Väitöstilaisuus
Matti Nykänen
"Querying string databases with modal logic"
Date Friday, November 28th 1997 Time 10.00 o'clock Place Auditorium (Teollisuuskatu 23)
Abstract
New application areas for databases demand the possibility of managing not only the traditional atomic but also structured data types. One type of this kind is a finite sequence of characters drawn from a finite alphabet. These string databases are important for example in molecular biology data management, because they can for instance represent DNA sequences directly as strings from alphabet {A,C,G,T}. Then the query language must be able to manipulate strings both as indivisible entities and as ordered sequences of distinct characters, perform pattern matching in strings, compare several strings with each other, and generate new strings not yet in the database.This work presents Alignment Calculus, a new modal logic extension of the relational calculus, which satisfies all these requirements with a new unified string manipulation formalism. This formalism is based on the concept of multiple alignment of several strings; computational molecular biology employs an analogous concept. In the language, alignments are described logically with string formulae, a new extension of linear-time temporal logic into multiple strings. The abstract expressive power of Alignment Calculus is shown to equal the Arithmetical Hierarchy.
The work develops also a syntactically safe sublanguage, whose queries require only finite computational resources. This sublanguage is constructed by first identifying a decidable subcase of string formula safety analysis, even though the general problem is shown to be undecidable. This safe sublanguage is shown to equal the Polynomial-time Hierarchy in its expressive power, and therefore to capture all the string queries occurring in practical situations.

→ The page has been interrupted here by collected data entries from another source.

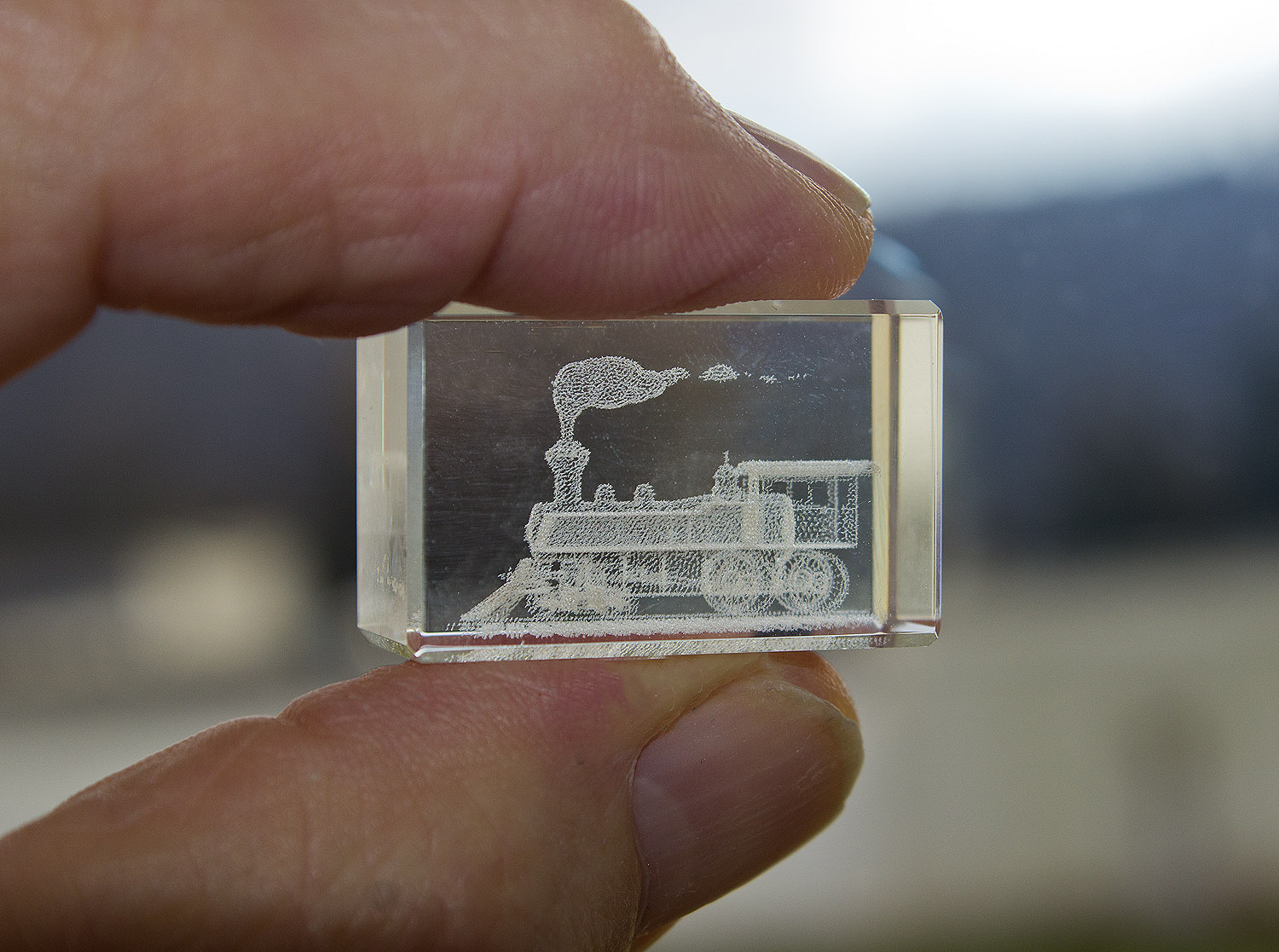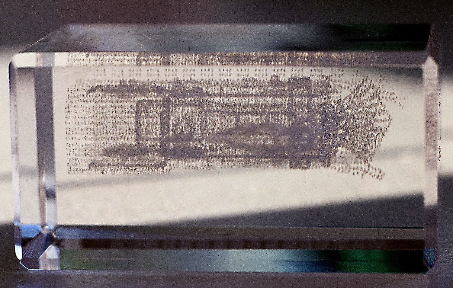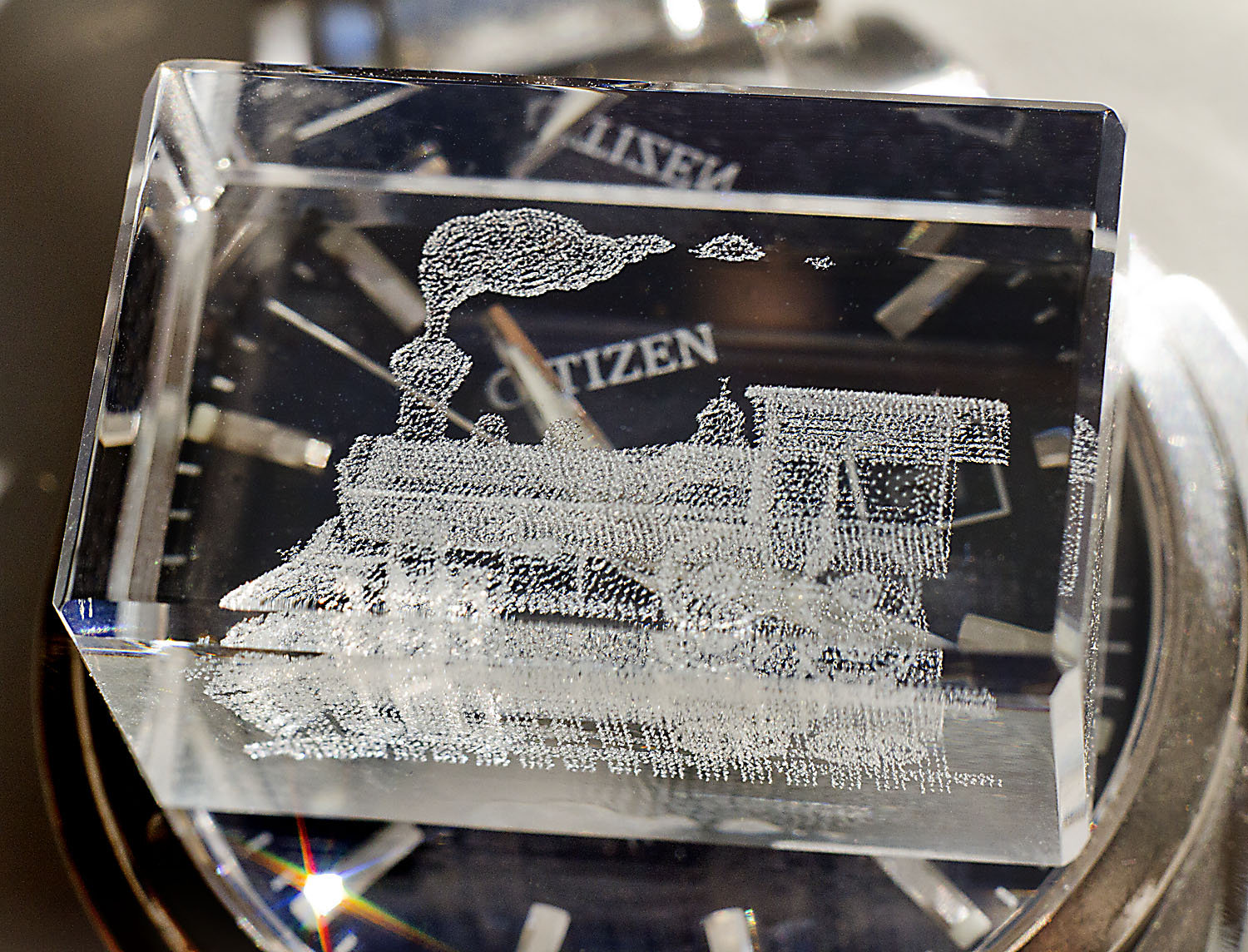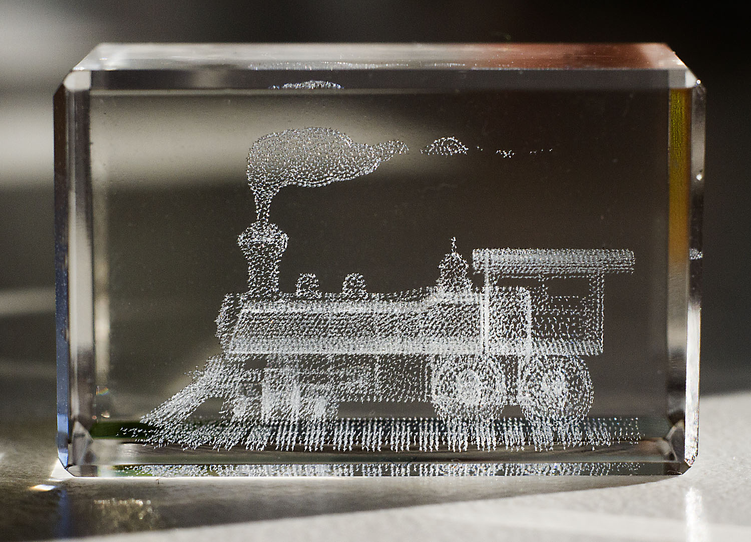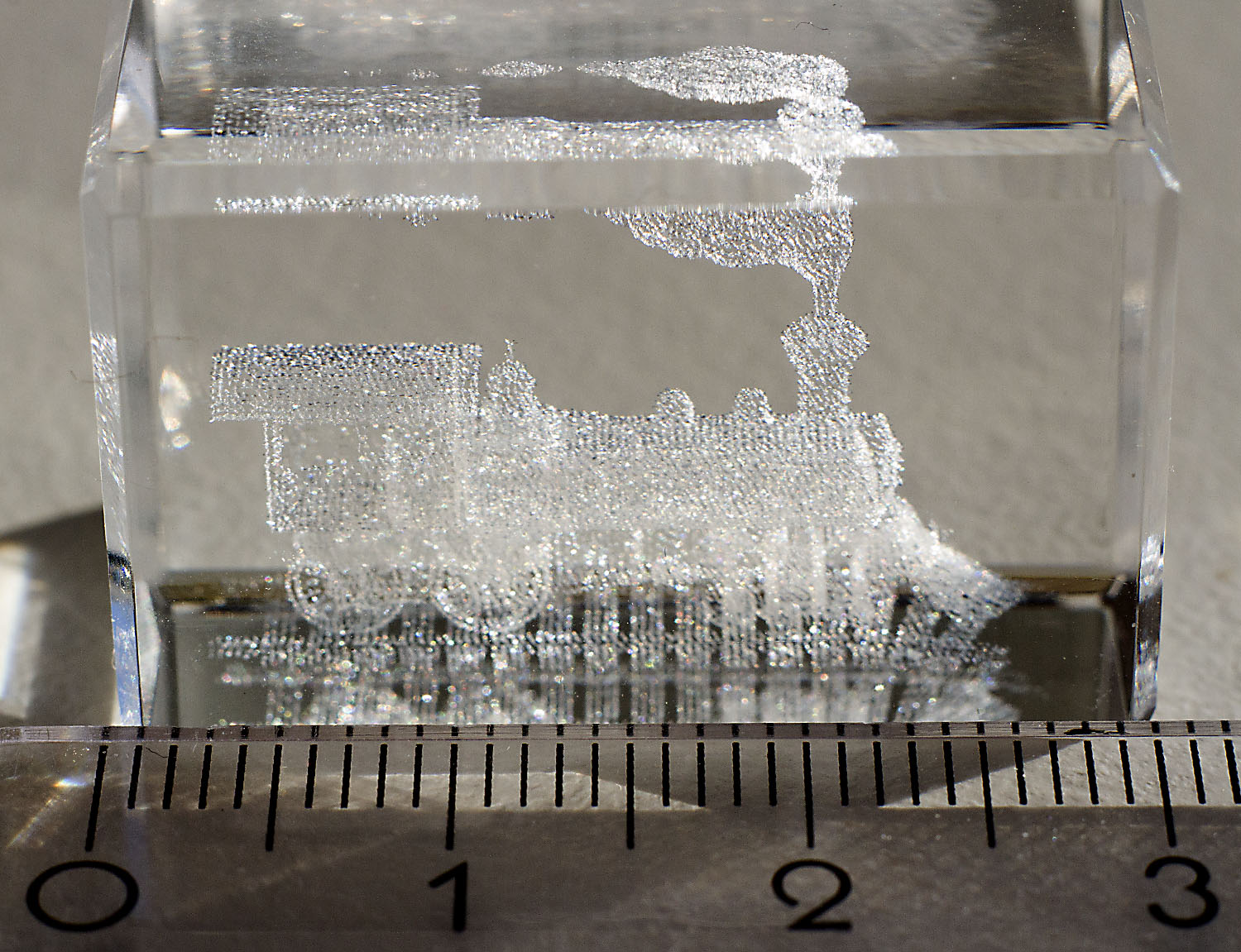 Eben habe ich als Neujahrsmitbringsel einen kleinen, 3x2x1,5 cm großen Glasquader mit einer 3D-Dampflok bekommen. Die Makrobilder davon möchtre ich ins neue Jahr mitgeben. Prosit Neujahr!
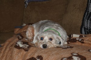 Hope has been out of the puppy mill for nearly two years. I am assuming she is around seven years old now. We are so pleased with her progress. This summer she learned the word “walk” and gets excited when we say, “Do you want to go for a walk?” She learned how to walk properly on a leash long before that. The first time we took her out for a walk she dived under my car and refused to come out. On a walk a few days after that she heard an airplane overhead. She hunkered down and was paralyzed with fear.
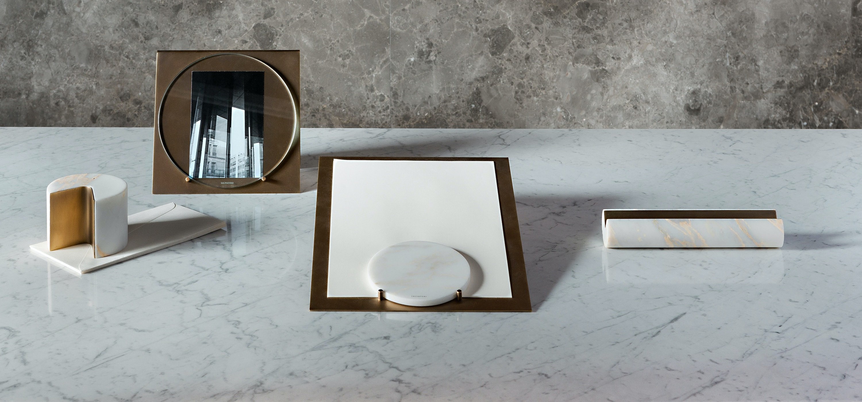 The collection combines burnished brass with Calacatta Vagli, a milky white marble accented with beautiful swathes of pale gold and grey veining.
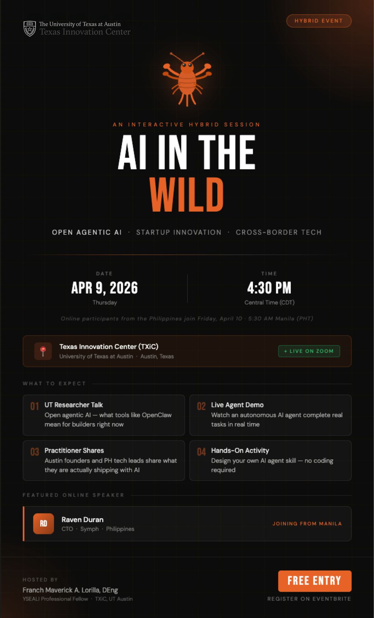 This event is hybrid. Austin attendees join in person at TXiC. Participants from the Philippines and Southeast Asia join live on Zoom.
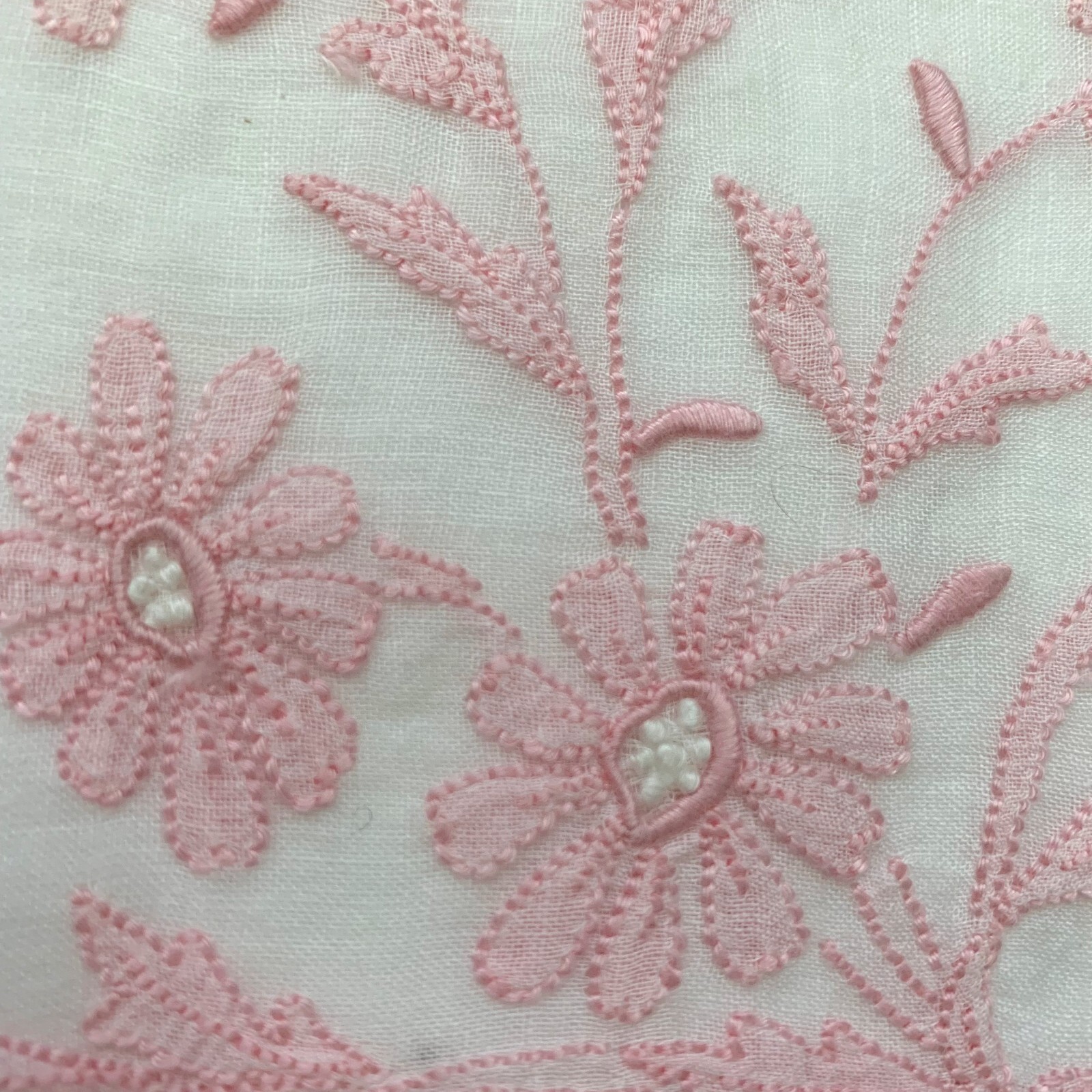 Embroidered Pink Daisy Bridesmaid Handkerchief Cottage Core Granny Vintage
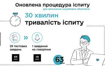 28 липня 2021 року в Центрі перші десять претендентів склали онлайн іспит на рівень володіння державною мовою. Він проходив в іспитовій системі - exam.mova.gov.ua, що створена Національною комісією зі стандартів державної мови. На підставі результатів іспиту видаватимуть державний сертифікат про рівень володіння державною мовою. далі » |

The operational counterpart of Alignment Calculus, Alignment Algebra, is developed by replacing the selection operator of relational algebra with one employing multitape nondeterministic finite state automata corresponding to the aforementioned string formulae, and adding an explicit domain symbol. The aforementioned safe sublanguage has also a counterpart in this algebra: expressions, in which all the domain symbol occurrences are restricted by immediately enclosing automata. A finite evaluation strategy is developed for these expressions.